_Recorded information_:
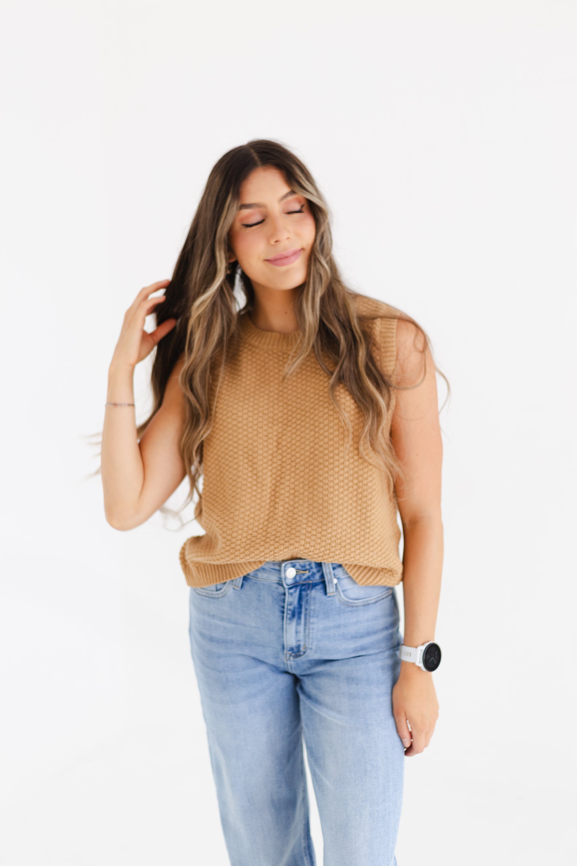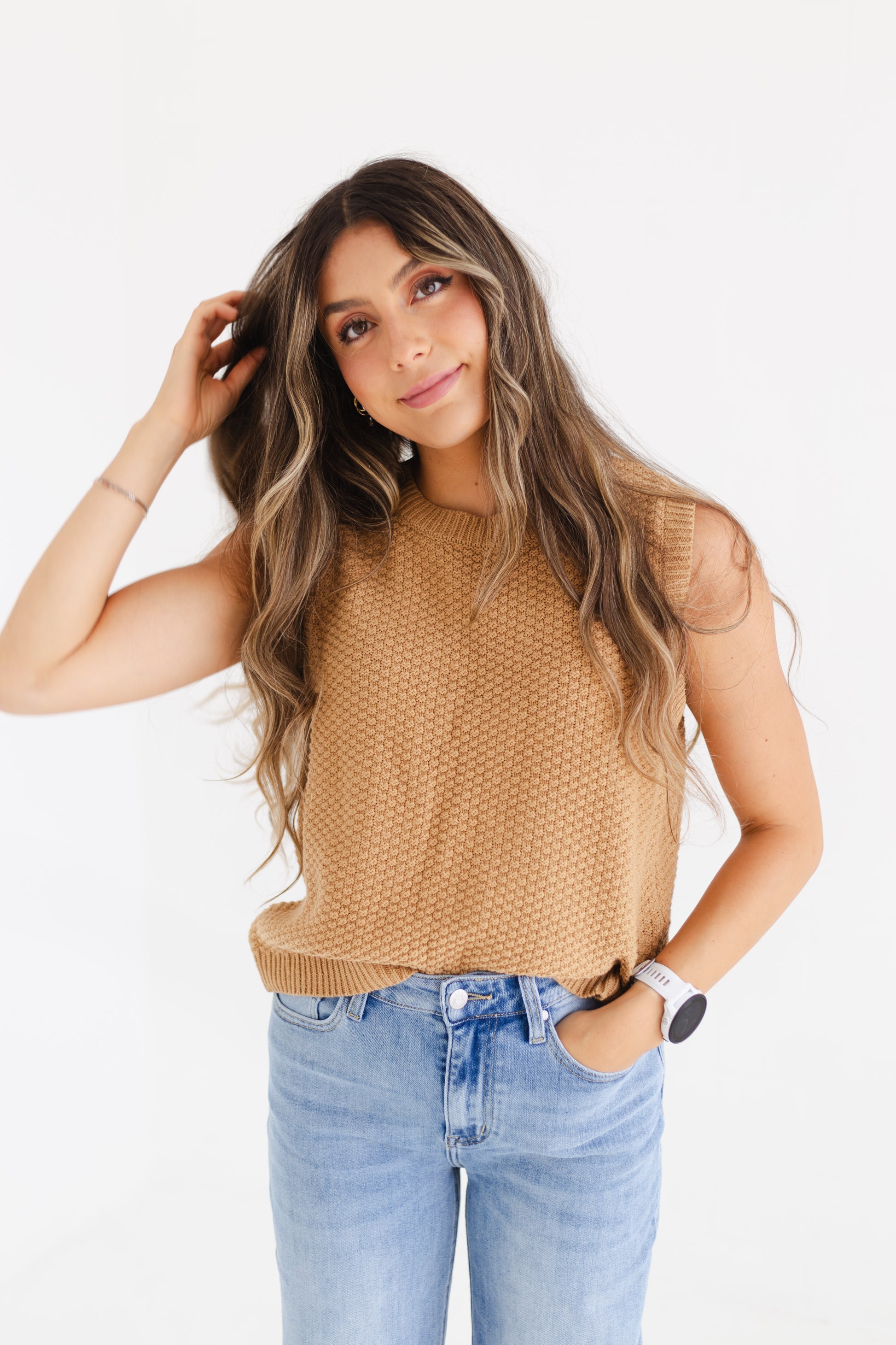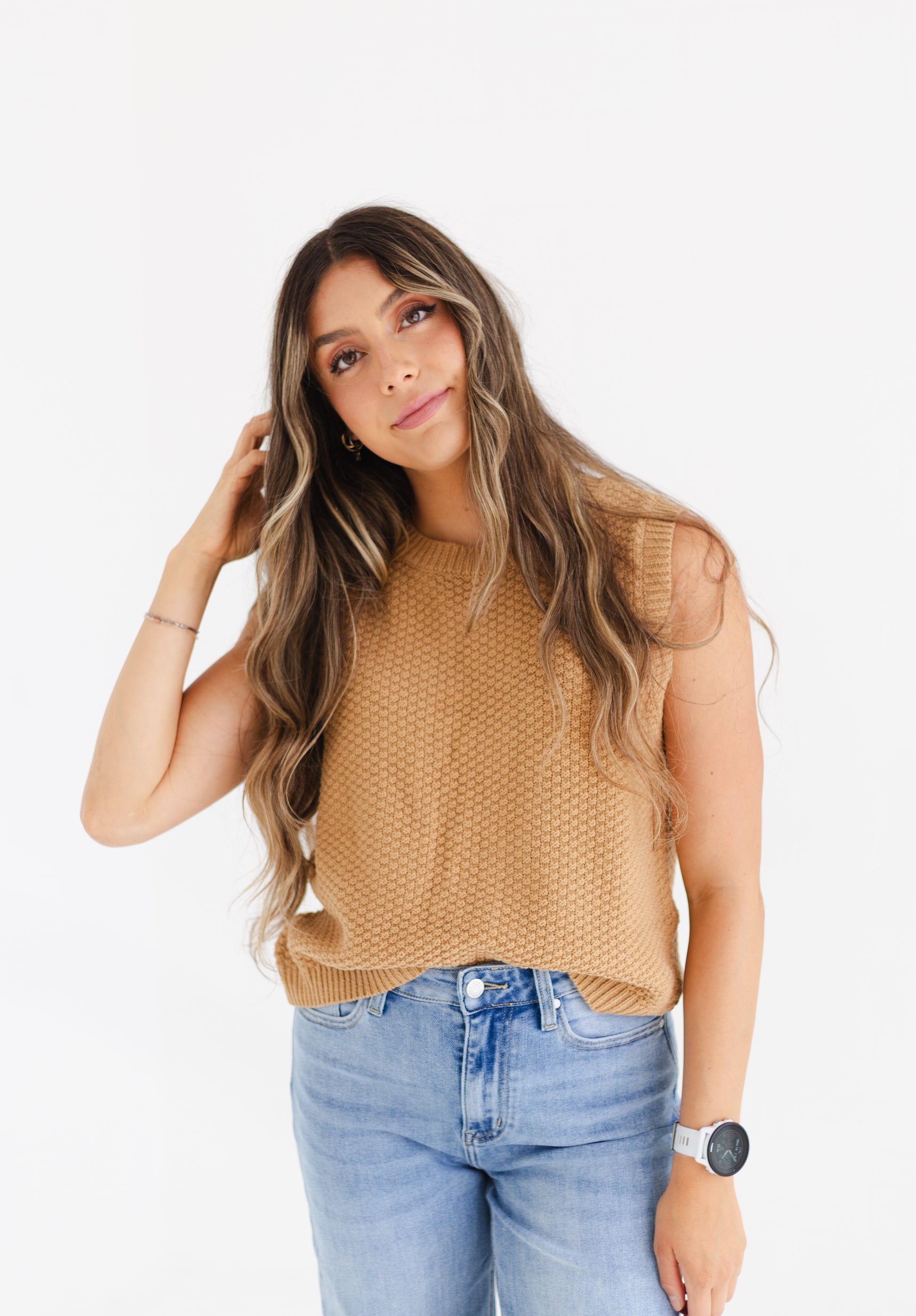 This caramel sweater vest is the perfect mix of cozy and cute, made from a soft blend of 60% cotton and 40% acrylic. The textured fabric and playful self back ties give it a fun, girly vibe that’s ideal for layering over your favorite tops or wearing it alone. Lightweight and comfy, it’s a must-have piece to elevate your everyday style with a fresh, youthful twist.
==
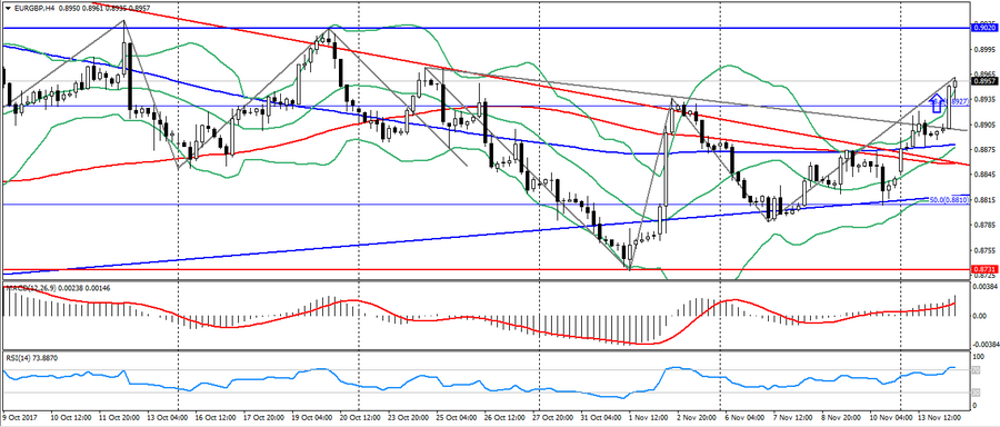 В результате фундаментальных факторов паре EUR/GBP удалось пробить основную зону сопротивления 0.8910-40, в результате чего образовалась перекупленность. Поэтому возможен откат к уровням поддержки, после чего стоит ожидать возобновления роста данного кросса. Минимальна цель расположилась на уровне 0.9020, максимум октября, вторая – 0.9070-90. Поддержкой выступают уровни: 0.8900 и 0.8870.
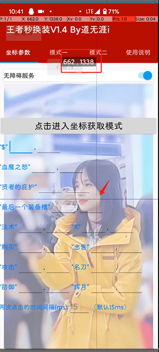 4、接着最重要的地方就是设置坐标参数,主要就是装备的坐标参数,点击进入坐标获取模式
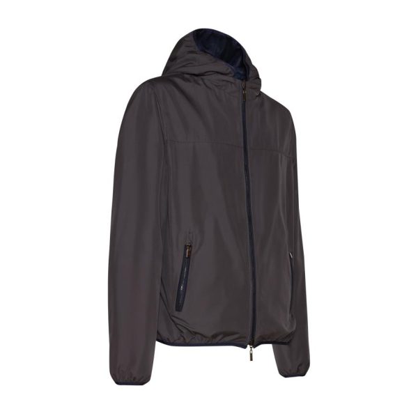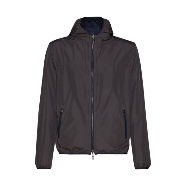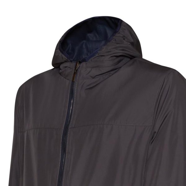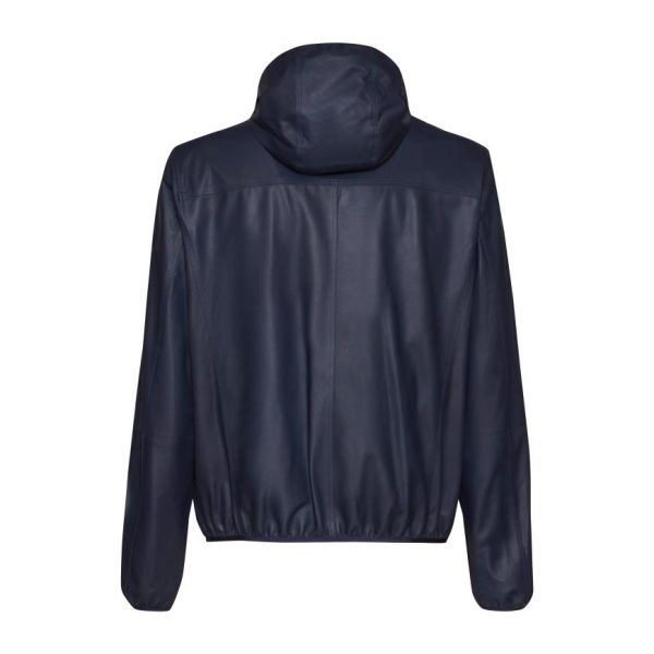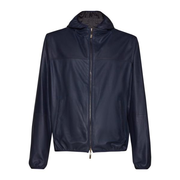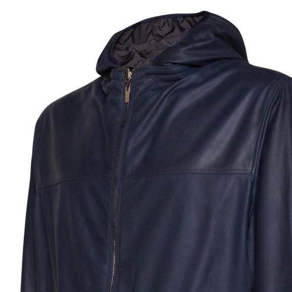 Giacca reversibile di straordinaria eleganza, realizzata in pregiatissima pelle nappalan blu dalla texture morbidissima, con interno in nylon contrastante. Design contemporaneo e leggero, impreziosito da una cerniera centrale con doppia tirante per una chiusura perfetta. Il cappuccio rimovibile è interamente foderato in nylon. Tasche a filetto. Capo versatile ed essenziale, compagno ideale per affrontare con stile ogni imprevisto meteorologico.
---
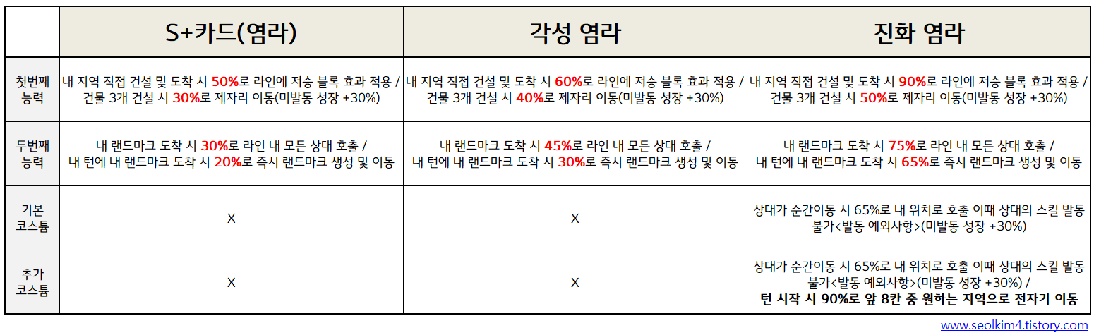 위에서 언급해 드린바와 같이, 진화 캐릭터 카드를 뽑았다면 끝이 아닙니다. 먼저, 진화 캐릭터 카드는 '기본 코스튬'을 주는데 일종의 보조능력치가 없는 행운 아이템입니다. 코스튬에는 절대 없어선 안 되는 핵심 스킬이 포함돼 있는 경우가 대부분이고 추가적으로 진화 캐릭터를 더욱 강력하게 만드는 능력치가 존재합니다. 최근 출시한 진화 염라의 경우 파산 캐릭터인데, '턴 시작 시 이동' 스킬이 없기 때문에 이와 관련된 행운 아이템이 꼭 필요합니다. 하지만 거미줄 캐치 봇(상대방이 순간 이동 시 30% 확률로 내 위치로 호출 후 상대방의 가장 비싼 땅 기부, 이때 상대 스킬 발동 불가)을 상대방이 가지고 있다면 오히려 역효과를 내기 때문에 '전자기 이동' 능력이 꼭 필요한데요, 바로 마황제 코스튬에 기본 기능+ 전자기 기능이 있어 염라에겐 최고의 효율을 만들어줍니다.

_About this exercise_: Copy the lines above between the one holding "В результате фундаментальных" and the one holding "Giacca reversibile di", inclusive. Drop the pictures.

_Task solution_:
 В результате фундаментальных факторов паре EUR/GBP удалось пробить основную зону сопротивления 0.8910-40, в результате чего образовалась перекупленность. Поэтому возможен откат к уровням поддержки, после чего стоит ожидать возобновления роста данного кросса. Минимальна цель расположилась на уровне 0.9020, максимум октября, вторая – 0.9070-90. Поддержкой выступают уровни: 0.8900 и 0.8870.
 4、接着最重要的地方就是设置坐标参数,主要就是装备的坐标参数,点击进入坐标获取模式
 Giacca reversibile di straordinaria eleganza, realizzata in pregiatissima pelle nappalan blu dalla texture morbidissima, con interno in nylon contrastante. Design contemporaneo e leggero, impreziosito da una cerniera centrale con doppia tirante per una chiusura perfetta. Il cappuccio rimovibile è interamente foderato in nylon. Tasche a filetto. Capo versatile ed essenziale, compagno ideale per affrontare con stile ogni imprevisto meteorologico.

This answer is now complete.